24 Sep 2017

Politics turned upside down at Labour’s conference amid frustrations at ‘gagged’ MPs

Politics is turned upside down here. The old elite of the Labour Party are barely to be seen. Retired party officials complain of not recognising anyone they know and feeling like they’ve turned up at the wrong gathering.

Down the seafront in Hove, a senior aide to Tony Blair was actually seen busking in the street.

Well, it was Alastair Campbell playing Ode to Joy on the bagpipes at a pro-Europe rally.

That was intended to shift a Labour position which has already shifted around quite a bit this summer. Jeremy Corbyn and John McDonnell repeated in interviews this morning that they are wary of signing up to the Single Market after a transition. Keir Starmer has regularly been making warmer noises to Labour’s pro-EU grassroots and it wouldn’t be surprising if he does a bit more of that this week.

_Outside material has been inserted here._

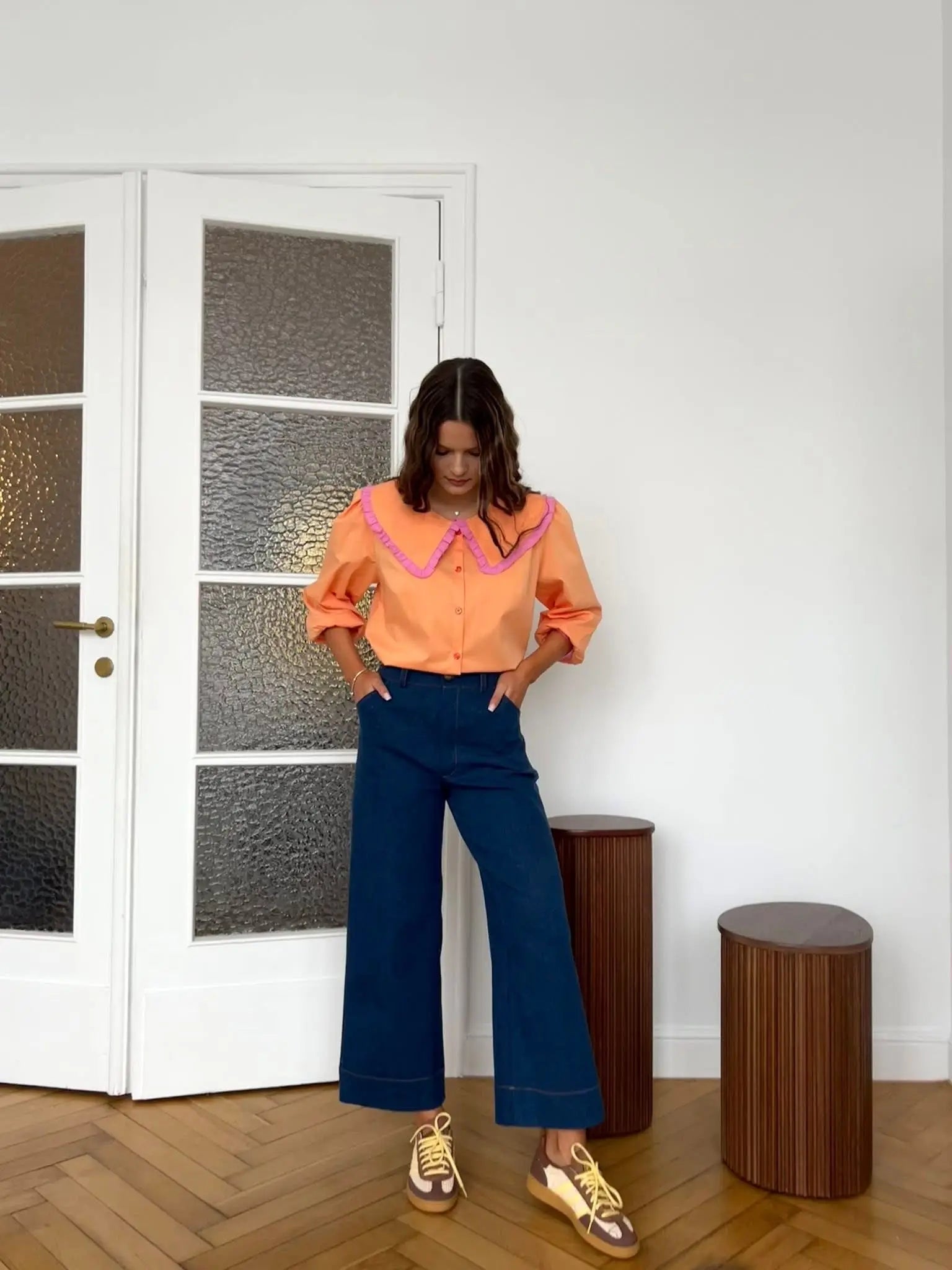 Dodaj swojej stylizacji odrobinę świeżości i kobiecego uroku. Ta wyjątkowa koszula w ciepłym, brzoskwiniowym odcieniu przyciąga wzrok efektownym, szerokim kołnierzem wykończonym kontrastową, różową falbanką. To połączenie klasyki z modowym twistem, które idealnie sprawdzi się zarówno w codziennych, jak i bardziej eleganckich stylizacjach.

There aren’t many Labour MPs here. I’ve told some have actually gone over to the EU for some Autumn sunshine. But amongst those who have turned up, John Spellar was cross at being banned from the Conference floor.

Labour MPs who aren’t in the Shadow Cabinet or the NEC are restricted to the upper balcony area with visitors and foreign delegations. It means they can’t be called to speak in debates and, Mr Spellar feels, are effectively gagged.

The Party says it’s all because of lack of space but prioritising activist voices over the elites is part of the Corbyn mission and there were big cheers for one delegate who spoke nostalgically of the 1976 conference when Denis Healey was shouted down by trade union and constituency delegates.

Along with Parliamentary group there is one other seam of dissident activity in the Labour Party left. Many roles in the party hierarchy are falling. The Shadow Cabinet was long since secured. The National Executive Committee and the Conference Arrangements Committee are for the first time ever in the control of the Left.

The last big redoubt for the dissidents outside Westminster is the party’s councillors. You find quite a few in England who are still resistant to Jeremy Corbyn’s charms. His supporters protest at Momentum supporters regularly being “screened out” from councillor selection processes. That, Mr Corbyn’s supporters say, is something that is going to change in the coming 12 months or so.

There were two spontaneous choruses of “Oh Jeremy Corbyn” in the hall today. Maybe we are in for quite a few more in the days to come.